Task prompt: A word-for-word copy of the records below is needed, without the images.

:::

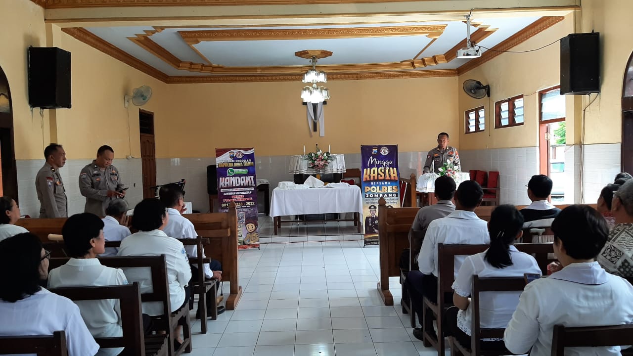 JOMBANG| NUSANTARA POS COM|| Polres Jombang rutin mendatangi gereja atau rumah ibadah umat Kristen setiap minggunya. Upaya tersebut untuk menjaga toleransi serta berikan rasa aman dan nyaman dalam menjalankan ibadah.
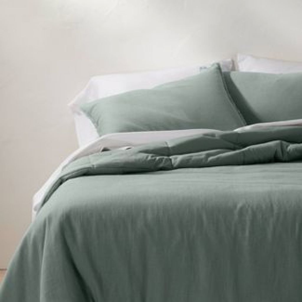 King Heavyweight Linen Blend Duvet Cover & Sham Set Sage Green - Casaluna
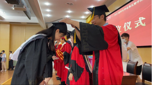 学位授予仪式上,毕业生代表向教师代表献花,表达对恩师的感谢,对公司的不舍。校领导和导师们为毕业生一一拨穗,颁发学位证书,并与每位毕业生合影。毕业典礼结束后,公司领导、教师代表与毕业生代表在图书馆门前合影留念。
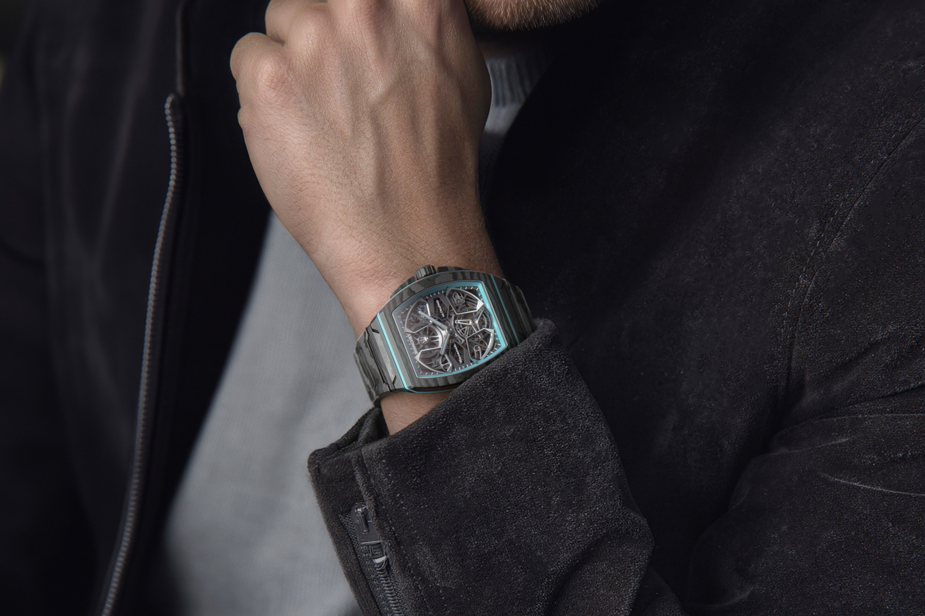 Then, there’s the color. The bright aqua-blue accents could’ve been overdone, but they work well against the darker carbon-heavy case and movement construction. They give the watch a punchier, slightly more playful edge than some of Bianchet’s other pieces, and in this context, that feels about right. It’s bold, but it doesn’t feel random.
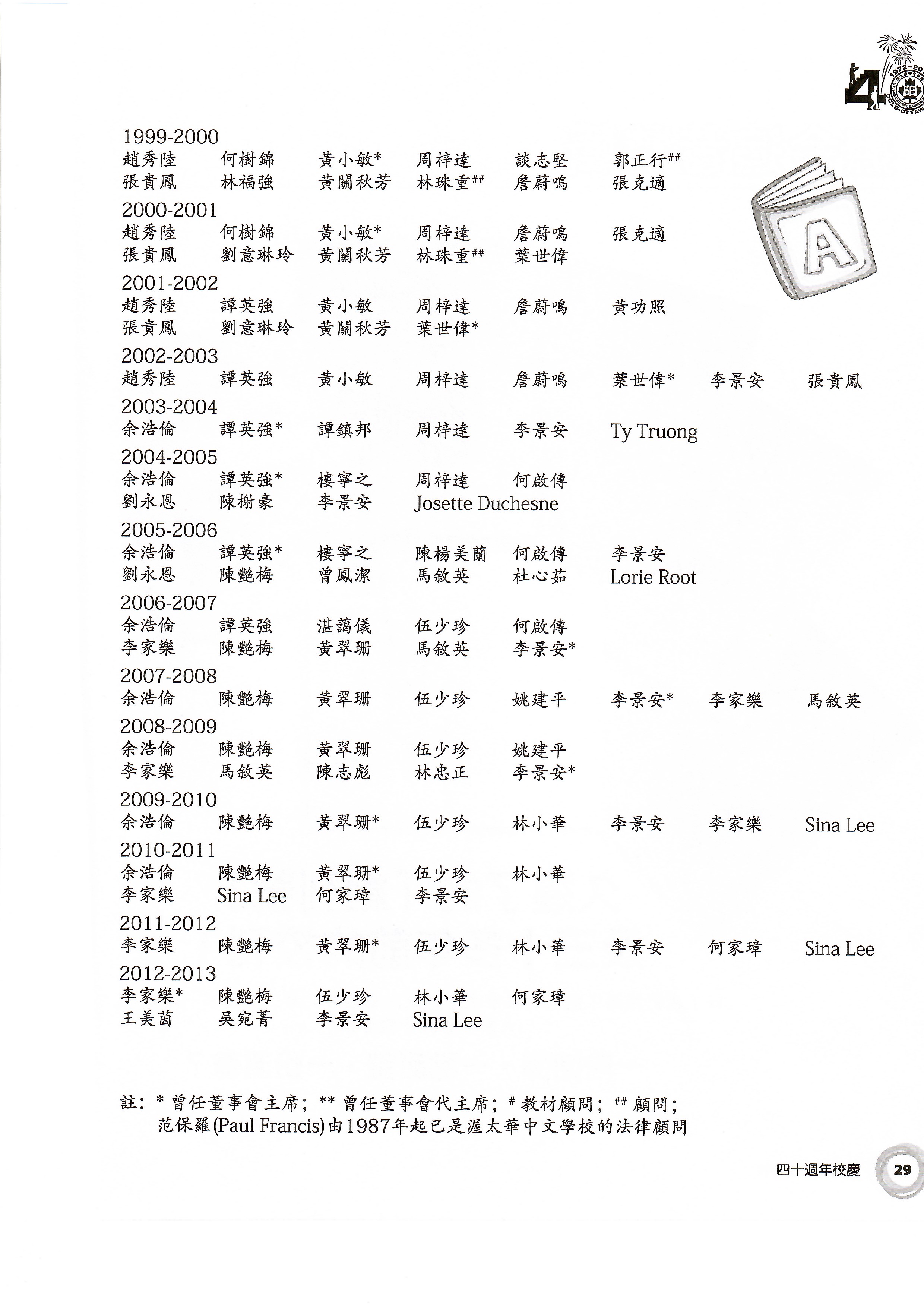 Introduced Ontario Academic Credit (O.A.C.) courses for Mandarin and Cantonese streams. Formed a Volunteer Parents Group to strengthen home‑school collaboration. Published the two‑volume Vocabulary Handbook.

:::

Solution to the exercise:
 JOMBANG| NUSANTARA POS COM|| Polres Jombang rutin mendatangi gereja atau rumah ibadah umat Kristen setiap minggunya. Upaya tersebut untuk menjaga toleransi serta berikan rasa aman dan nyaman dalam menjalankan ibadah.
 King Heavyweight Linen Blend Duvet Cover & Sham Set Sage Green - Casaluna
 学位授予仪式上,毕业生代表向教师代表献花,表达对恩师的感谢,对公司的不舍。校领导和导师们为毕业生一一拨穗,颁发学位证书,并与每位毕业生合影。毕业典礼结束后,公司领导、教师代表与毕业生代表在图书馆门前合影留念。
 Then, there’s the color. The bright aqua-blue accents could’ve been overdone, but they work well against the darker carbon-heavy case and movement construction. They give the watch a punchier, slightly more playful edge than some of Bianchet’s other pieces, and in this context, that feels about right. It’s bold, but it doesn’t feel random.
 Introduced Ontario Academic Credit (O.A.C.) courses for Mandarin and Cantonese streams. Formed a Volunteer Parents Group to strengthen home‑school collaboration. Published the two‑volume Vocabulary Handbook.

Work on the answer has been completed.